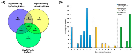 Comparison of off-target prediction results. (A) Venn diagram of predicted off-target sites of Digenome-seq and Cas-OFFinder. (B) Distribution of base mismatches with on-target sequences of digenome-seq and Cas-OFFinder. The number of mismatches did not include mismatches in the PAM sequence.
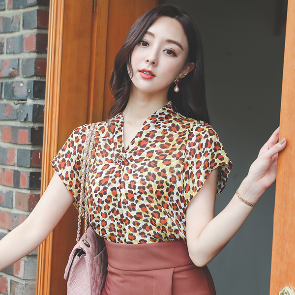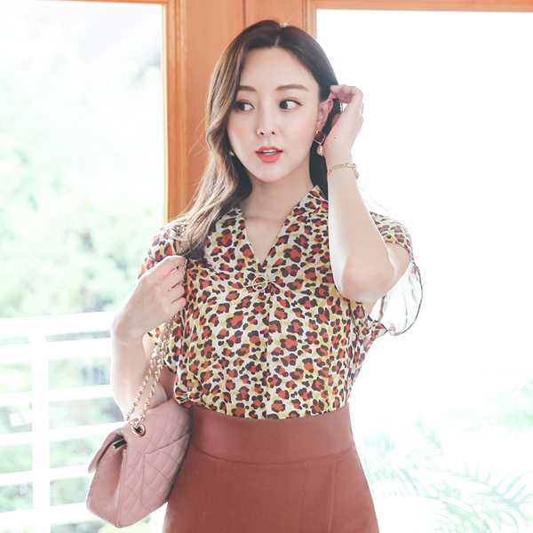 レオパード ゴールドわ ブイネック ブラウス
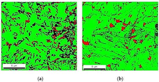 Typical unstrained microstructures of (a) TBF 1180 steel (6.7% RA) and (b) Q&P steel (8.7% RA) [14]. BCC and BCT phases are green (ferrite, bainite, and martensite) and FCC phases are red (RA).
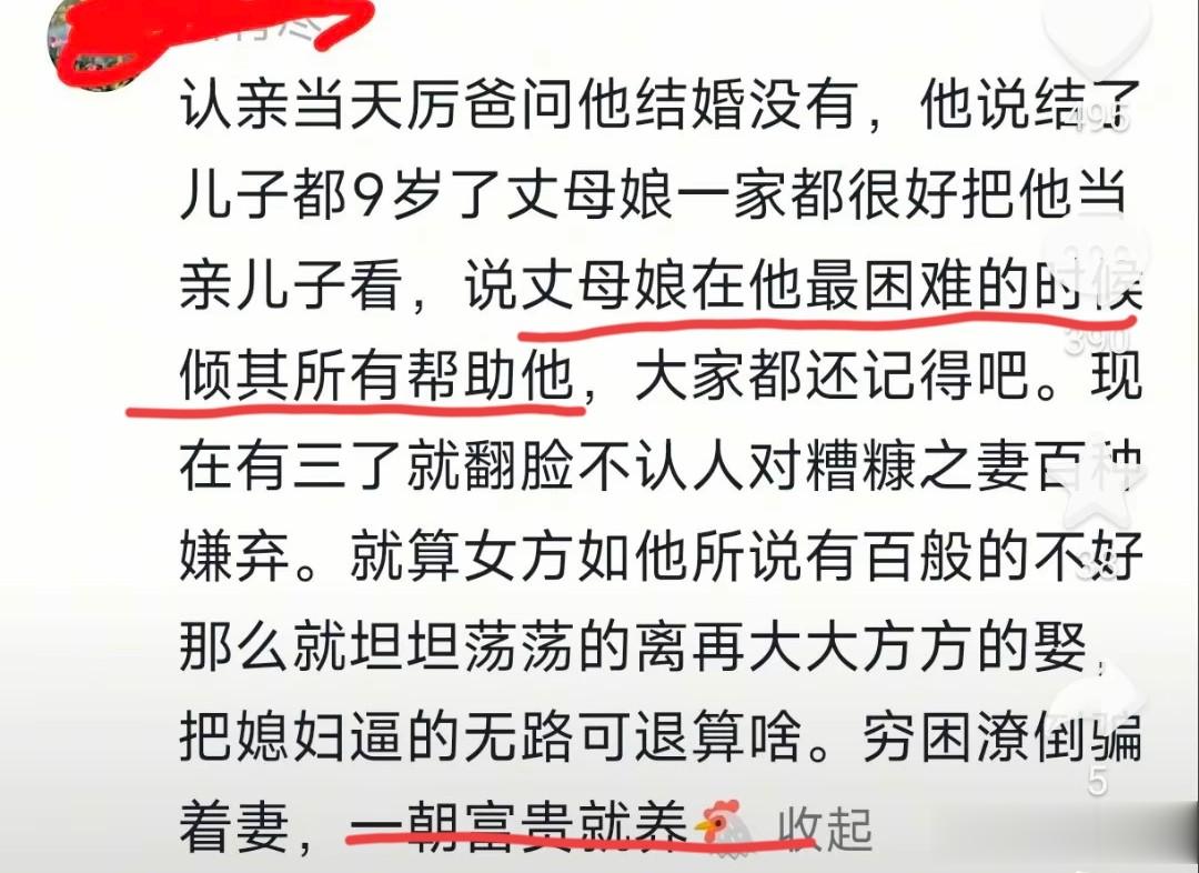 对于林丽与厉怀远的矛盾和纷争,有人支持林丽,说厉怀远就是陈世美,没米的时候妻子啥都好,刚认亲的时候厉爸问他结婚了吗?他回答结婚了也有孩子了,丈母娘和妻子都对他非常好,妻子坐月子时没钱,只能吃白米粥,因为没有钱买八宝粥。
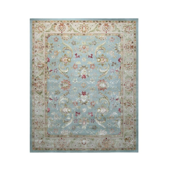 Blue 8 ft. x 10 ft. Hand-Tufted Wool Classic Geometric Rug Area Rug
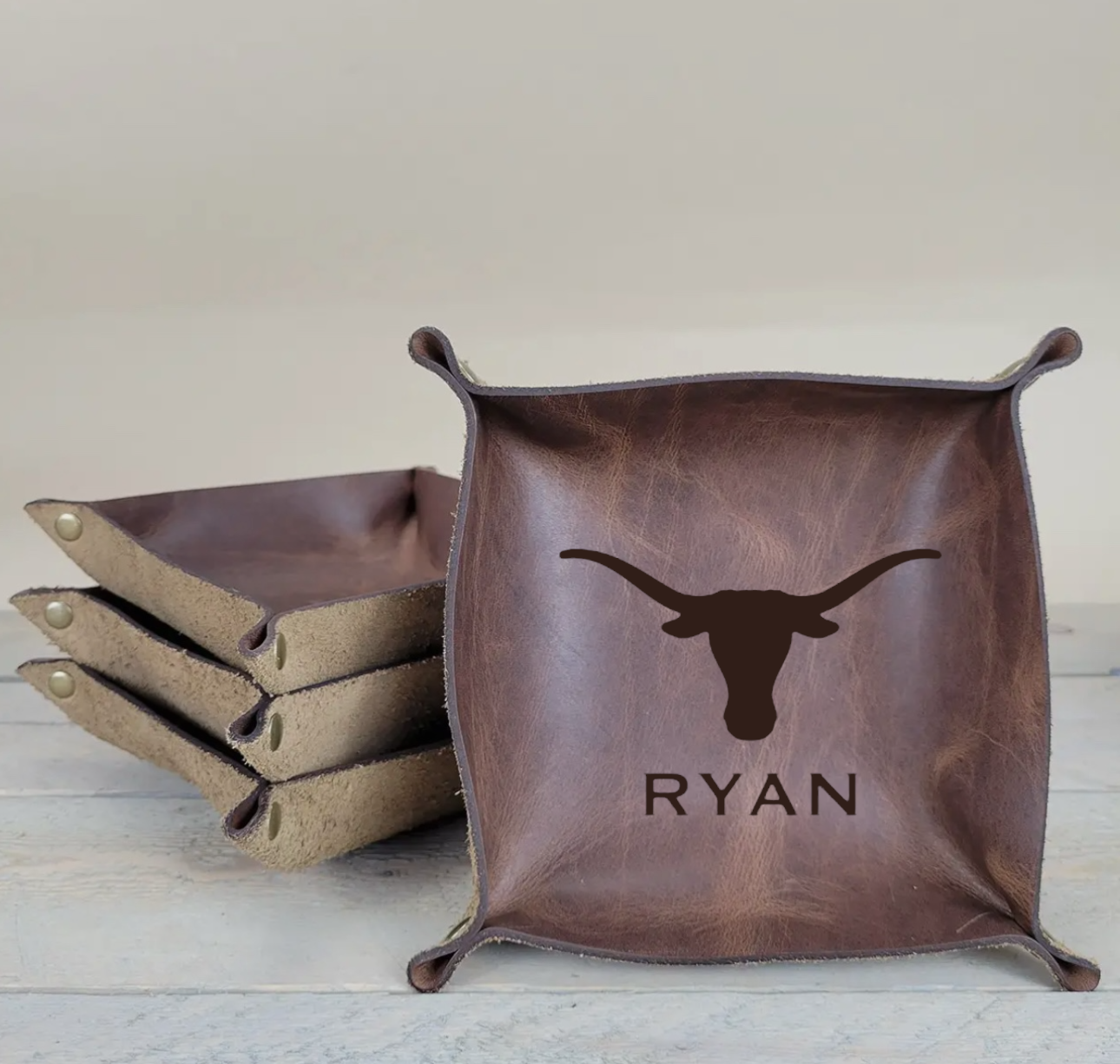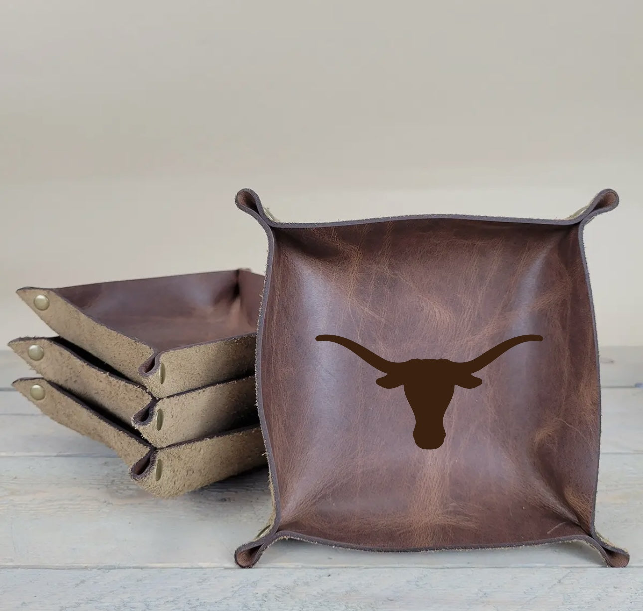 Looking for a practical gift with Longhorn flair? These handcrafted leather catchalls are perfect for holding keys, coins, wallets, or jewelry — whether it’s by the front door, bedside, or desk. Made from full-grain leather and finished with antiqued brass rivets, each tray features the iconic UT Longhorn logo or can be left blank for a minimalist look. Durable, stylish, and functional — it’s a staple every Texas fan needs.

● **Work to complete**
Quote the listing above in full, except for the pictures.

● **Written answer**
 Comparison of off-target prediction results. (A) Venn diagram of predicted off-target sites of Digenome-seq and Cas-OFFinder. (B) Distribution of base mismatches with on-target sequences of digenome-seq and Cas-OFFinder. The number of mismatches did not include mismatches in the PAM sequence.
 レオパード ゴールドわ ブイネック ブラウス
 Typical unstrained microstructures of (a) TBF 1180 steel (6.7% RA) and (b) Q&P steel (8.7% RA) [14]. BCC and BCT phases are green (ferrite, bainite, and martensite) and FCC phases are red (RA).
 对于林丽与厉怀远的矛盾和纷争,有人支持林丽,说厉怀远就是陈世美,没米的时候妻子啥都好,刚认亲的时候厉爸问他结婚了吗?他回答结婚了也有孩子了,丈母娘和妻子都对他非常好,妻子坐月子时没钱,只能吃白米粥,因为没有钱买八宝粥。
 Blue 8 ft. x 10 ft. Hand-Tufted Wool Classic Geometric Rug Area Rug
 Looking for a practical gift with Longhorn flair? These handcrafted leather catchalls are perfect for holding keys, coins, wallets, or jewelry — whether it’s by the front door, bedside, or desk. Made from full-grain leather and finished with antiqued brass rivets, each tray features the iconic UT Longhorn logo or can be left blank for a minimalist look. Durable, stylish, and functional — it’s a staple every Texas fan needs.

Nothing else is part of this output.